How to find overlapping records and select the latest record?

I am trying to get on record from a list of overlapping records in Presto(Trillo) DB. There are columns like loc_id, prod_id, line_id, start_dt, end_dt, update_dt.

The records are like this

( source records)

loc_id	prod_id	line_id	qty	start_dt	end_dt	upd_dt
200	10	1	500	30-1-2025:9:00	30-1-2025:15:00	30-1-2025:15:05
200	10	1	600	30-1-2025:11:00	30-1-2025:16:00	30-1-2025:16:05
200	10	1	550	30-1-2025:12:00	30-1-2025:18:00	30-1-2025:18:05
200	10	1	350	30-1-2025:18:00	30-1-2025:22:00	30-1-2025:22:05

There is no specific key column. In the above data, the first 3 records overlap based on start and end date timestamp. But the start date of 4th record is the end date of 3rd record.

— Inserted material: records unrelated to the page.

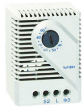
d) VIPS HG
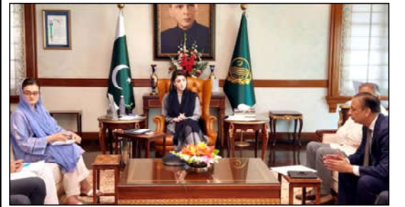
LAHORE: Chief Minister Punjab Maryam Nawaz chairing a special meeting to review amendments to the proposed laws and rules for establishment of the Punjab Enforcement Regulatory Authority
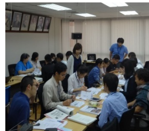
【Exchange session with students of Japanese Language in Thailand】

As an output I want to select only the latest record from the first 3 records and the 4th record.
So select the latest record from the overlapping records.
If the records are not overlapping , select that records.

Expected output

loc_id	prod_id	line_id	qty	start_dt	end_dt	upd_dt
200	10	1	550	30-1-2025:12:00	30-1-2025:18:00	30-1-2025:18:05
200	10	1	350	30-1-2025:18:00	30-1-2025:22:00	30-1-2025:22:05


select 
loc_id
prod_id, 
line_id, 
start_dt,
end_dt, 
qty, 
upd_dt
from
(select *, 
rank() over (partition by a.loc_id , 
                          a.prod_id, 
                          a.line_id 
                          order by  cast(upd_dt as timestamp )desc) as rnk
from 
tbl a
) tt
--where tt.rnk = 1
order by tt.rnk

I tried using a rank function but it is difficult to rank it with time stamp. The overlapping records are an issue.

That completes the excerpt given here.